Secret deal? No deal.

Don’t know what’s in the TPP? That’s because it’s “top secret,” criticizes Sen. Elizabeth Warren (D) of Massachusetts, a vocal opponent of fast track.

That was a complaint that her colleague, Sen. Ron Wyden (D) of Oregon heard a lot at town halls. As a result, “I really went to the mat on these secrecy issues,” Senator Wyden said at a recent Monitor breakfast.

Senator Wyden, who is the administration’s point man on trade in the Senate, points out that with the fast-track bill, the full text of the TPP and any other trade agreements will be public for the first time – 60 days before Congress starts voting on it. Under fast track, any member of Congress can have access to classified negotiating texts. Members can attend negotiating rounds or be briefed by the administration on request.

That’s not good enough for Senator Warren. She’s pushing a petition that tells US trade officials: “No vote on a fast-track for trade agreements until the American people can see what’s in this TPP deal.” Members of Congress also complain about restricted access for their staffs, on whom they heavily rely.

A dispute over resolving disputes

Critics are up in arms over the way corporations settle disputes over alleged violations of free-trade agreements. The investor-state dispute settlement, or ISDS, lets foreign countries sue governments in special tribunals, rather than going through the country’s court system.

The problem with this, they argue, is that the tribunals grant huge payments to corporations for the violations – such big payments that countries are then incentivized to change their regulations. Not only do supporters of labor object, they worry that foreign companies will use the tribunals to force changes in US regulations and laws.

The administration says it is writing safeguards into the TPP that will prevent this from happening.

President Obama also told Yahoo Politics: "There is no chance, zero chance, that the US would be sued on something like our financial regulations, and on food safety, and on the various environmental regulations that we have in place, mainly because we treat everybody the same." He added, "We treat our own companies the same way we treat somebody else's companies."

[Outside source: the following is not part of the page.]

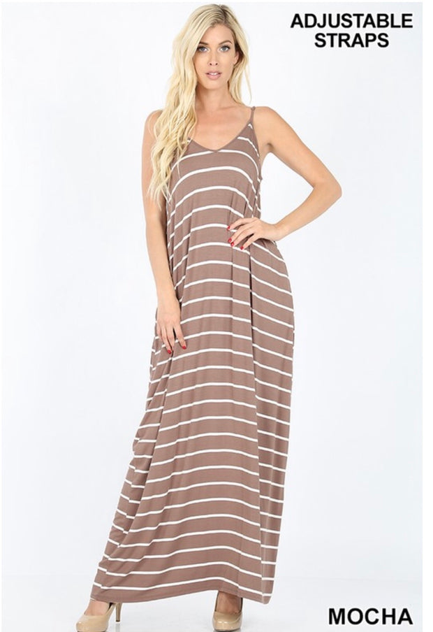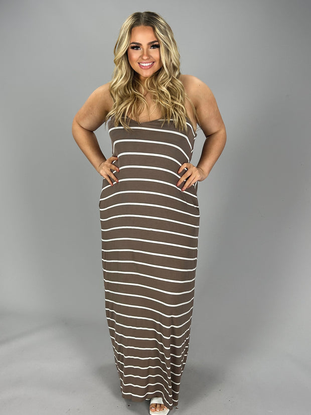 LD-M {New Groove} Mocha/Ivory Striped Maxi Dress

Vietnam, a contentious subject

For the first time, a non-free-market economy such as Vietnam will be included in a broad trade deal involving the US, and that’s a problem, say critics. “Americans should not be forced to compete against desperately poor workers like those in Vietnam who make as little as 56 cents an hour,” Sen. Bernie Sanders (I) of Vermont, wrote in a letter to to US Trade Representative Michael Froman last month.

In 2013, the US trade deficit with Vietnam was $19.6 billion.

But supporters argue that fast track and the TPP are precisely intended to protect against this problem. The fast-track bill raises the bar for labor, environment, and human rights standards, says Wyden. “Trading partners must adopt and maintain core international labor and environmental standards, with trade sanctions if they do not comply,” he said in a statement last month.

Staff writers David Cook and Mark Trumbull contributed to this report.

[Editor's note: The original version of this article misidentified Senator Wyden's home state.]